Ocean City Today

Tinus looks to capture house seat

By Greg Ellison | Jan 18, 2018
Courtesy of: Ed Tinus

(Jan. 19, 2018) Political outsider Ed Tinus, who announced his candidacy last February to challenge State Sen. Jim Mathias (D-38) in 2018, re-filed last month after Delegate Mary Beth Carozza (R-38C) entered the state senate race and is now focused on filling her vacated House seat.

“I don’t fit the mold of either party,” he said. “I want citizens to be engaged in political process.”

Although running as a Republican, Tinus, a master upholsterer who lives in

Whaleyville, has engaged in past political contests as an Independent and Democrat.

In 2016, Tinus ran for U.S. Senate from Maryland as a Democrat and lost the primary to Chris Van Hollen, before losing as an independent write-in candidate. In 2012, the outcome was the same when he challenged incumbent Sen. Ben Cardin.

The western shore native who moved across the bay nearly a quarter century ago, said he “got his feet wet” working for Baltimore city under then Mayor William Donald Schaefer.

“I gained insights on how the ‘good old boys’ worked,” he said. “While working for the City of Baltimore, I saw examples of ‘creative-financing,’ and learned what political parties traditionally do for pre-selected candidates.”

Tinus wants to use technology, specifically an “Ed app,” to engage the public with the legislative process to foster “direct Democracy.”

“The Ed app would expose a bill to volunteers to read and red flag issues that don’t suit us,” he said.

Simplified legislation in the form of single-subject bills, written for ease of comprehension, is what Tinus envisions.

“The content in bills is too much to digest,” he said.

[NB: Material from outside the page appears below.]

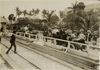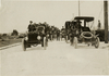 Motorists in 1905 White Steamer automobiles crossing bridge, Florida

Tinus said the electorate should be allowed further input to regulate government activities.

“It’s our tax money; we should have a say in how it’s spent,” he said. “We need methods to give people a chance to vote on each bill.”

Under the proposed Ed app, Tinus said voters in District 38C would experience total transparency with an opt out option for “one-size-fits-all,” legislation.

“Even if it passes the General Assembly, it would not be law here in this district,” he said. “My question is if you want to vote with me?”

Tinus admits the concept of providing citizens that kind of conduit into lawmaking might be denounced by the political parties.

“Lobbying groups won’t be able to approach me,” he said. “When my term is over, my bank account will show what I got paid through the … state of Maryland and nothing more.”

Tinus currently faces two challenges for the Republican nomination after James Shaffer filed on Jan. 8 and Joe Schanno joined the group last Friday. City Councilman Wayne Hartman also has declared his intention to run. The filing deadline is Feb. 27, with primary elections on June 28. The general election will be on Nov. 6.